Integrals with u substitution

Question

Can someone please explain how the integration step highlighted in the red rectangle was worked out?

Answer 1

Fundamentally, you're asking

Why is $$\int \frac{1}{\sqrt{1-u^2}}du=\arcsin(u)+C \quad ?$$

Let $\underbrace{u=\sin(t)}_{\iff \color{green}{t=\arcsin(u)}} \implies \frac{du}{dt}=\cos(t) \iff \color{red}{du=\cos(t)dt} $.

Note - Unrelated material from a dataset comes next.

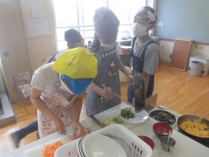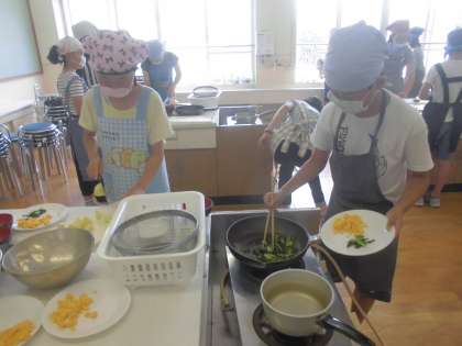 今日は1組が調理実習です。計画に基づいて,グループで協力して調理を進めていきました。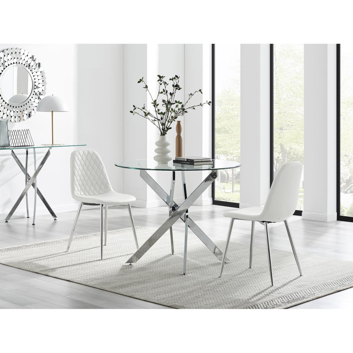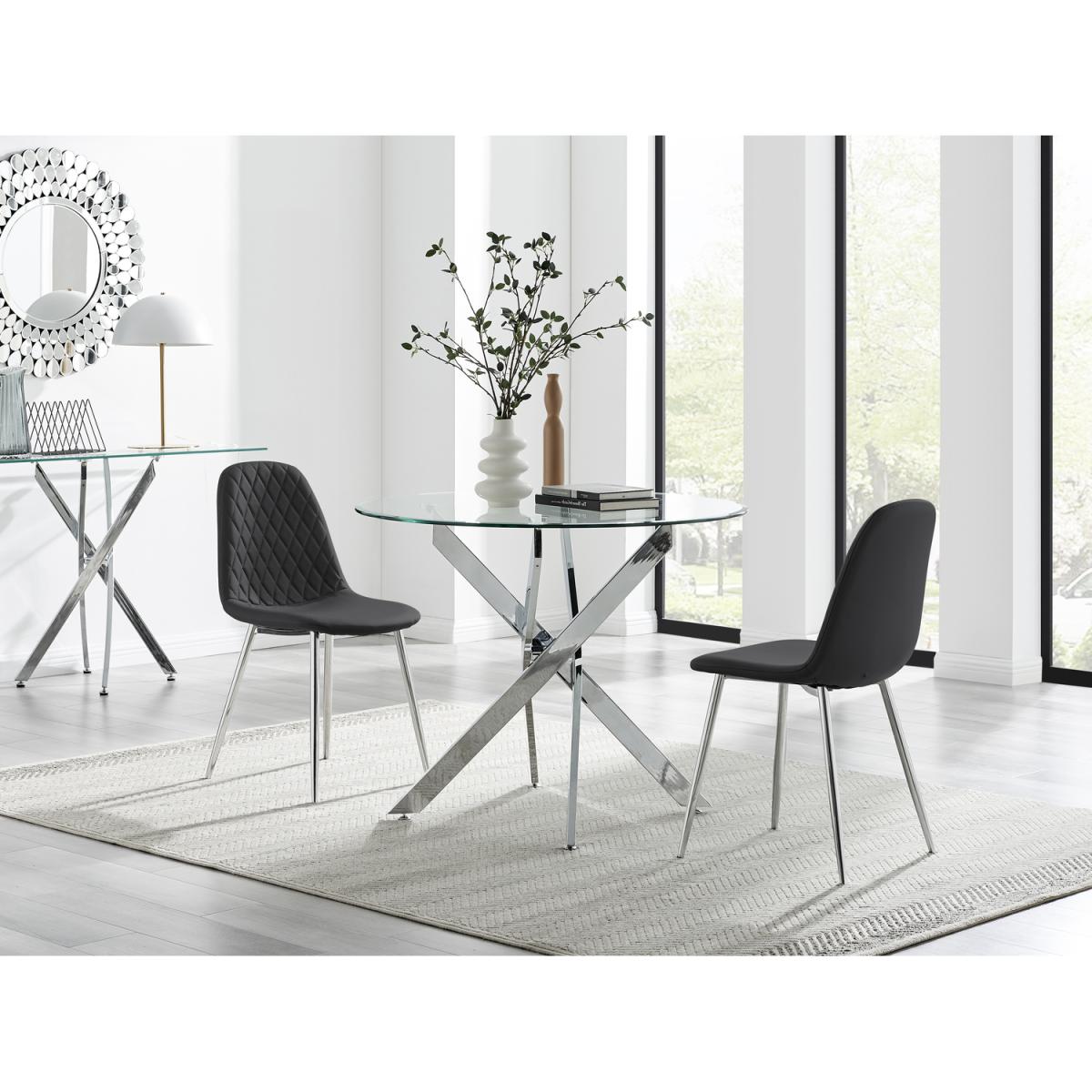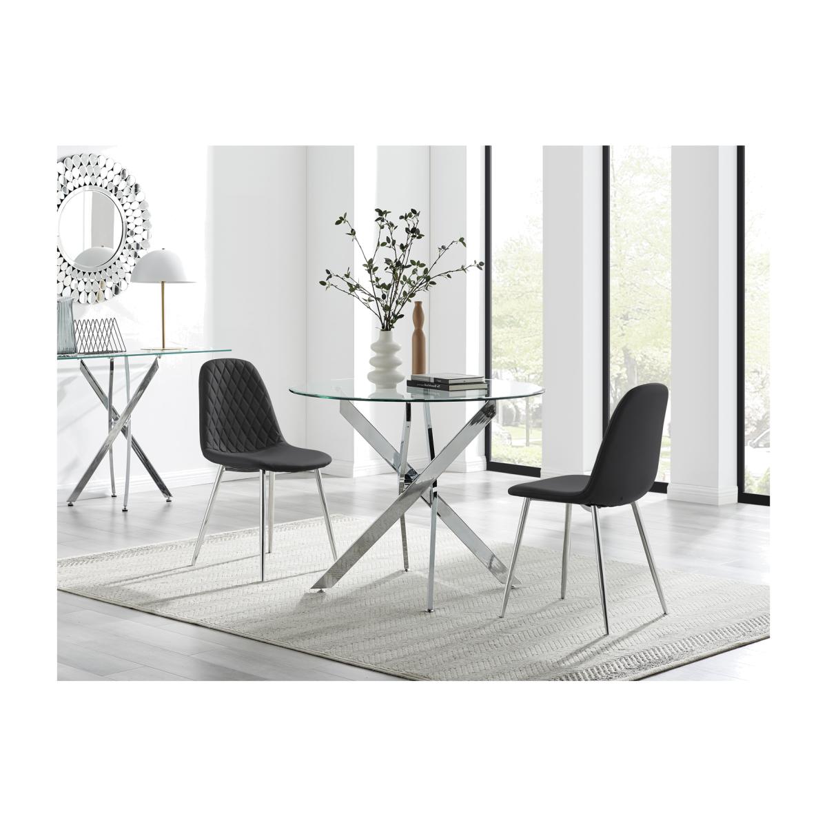 The strikingly elegant Novara dining table is a stylish and modern combination of chrome and glass, making this set a real eye-catcher. The chrome metal legs provide strong and sturdy support for the table, whilst the unique intertwined nest design exudes modern style. This 2 seater table and chairs are ideal as a space-saving dining table for apartments and smaller homes. The round glass dining table has plenty of space for the two of you to enjoy dinner together and the two dining chairs will take up minimal space in your home. Pair with our beautiful Corona chairs to complete the look! With a perfect balance of pattern and texture, the new Corona Chair is a statement piece ready for the modern dining space. The trendy gold or silver chrome legs are all the rage and offer a perfect way to add an accent of lustre to your home. The Scandi-style faux leather seat with diamond pattern stitching is a unique take on a classic design offering comfort and durability for everyday use.

Then we've got $$\underbrace{\int\frac{1}{\sqrt{1-\sin^2(t)}}\color{red}{\cos(t)dt}=\require{cancel}\int \frac{1}{\cancel{\cos(t)}}\cancel{\cos(t)}dt}_{\text{using the identity} \quad\sin^2(t)+\cos^2(t) \equiv 1}=\int1dt=\color{green}{t}+C=\boxed{\color{green}{\arcsin(u)+C}}.$$

Answer 2

$$\frac{d}{dx}\sin^{-1}(u)=\frac1{\sqrt{1-u^2}}\frac{du}{dx}$$

And therefore the integral would be the reverse of that.

Answer 3

$$ \begin{align} u & = \sin w \\[8pt] \frac{du}{dw} & = \cos w \tag 1 \\[8pt] \frac{dw}{du} & = \frac{1}{\cos w} = \frac{1}{\sqrt{1-\sin^2 w}} = \frac{1}{\sqrt{1-u^2}} \tag 2 \\[8pt] \frac{d}{du}\arcsin u & = \frac{1}{\sqrt{1-u^2}}. \\[8pt] \text{or if you prefer,} \\ \frac{d}{du} \sin^{-1} u & = \frac{1}{\sqrt{1-u^2}}. \end{align} $$

The step from $(1)$ to $(2)$ is just the chain rule.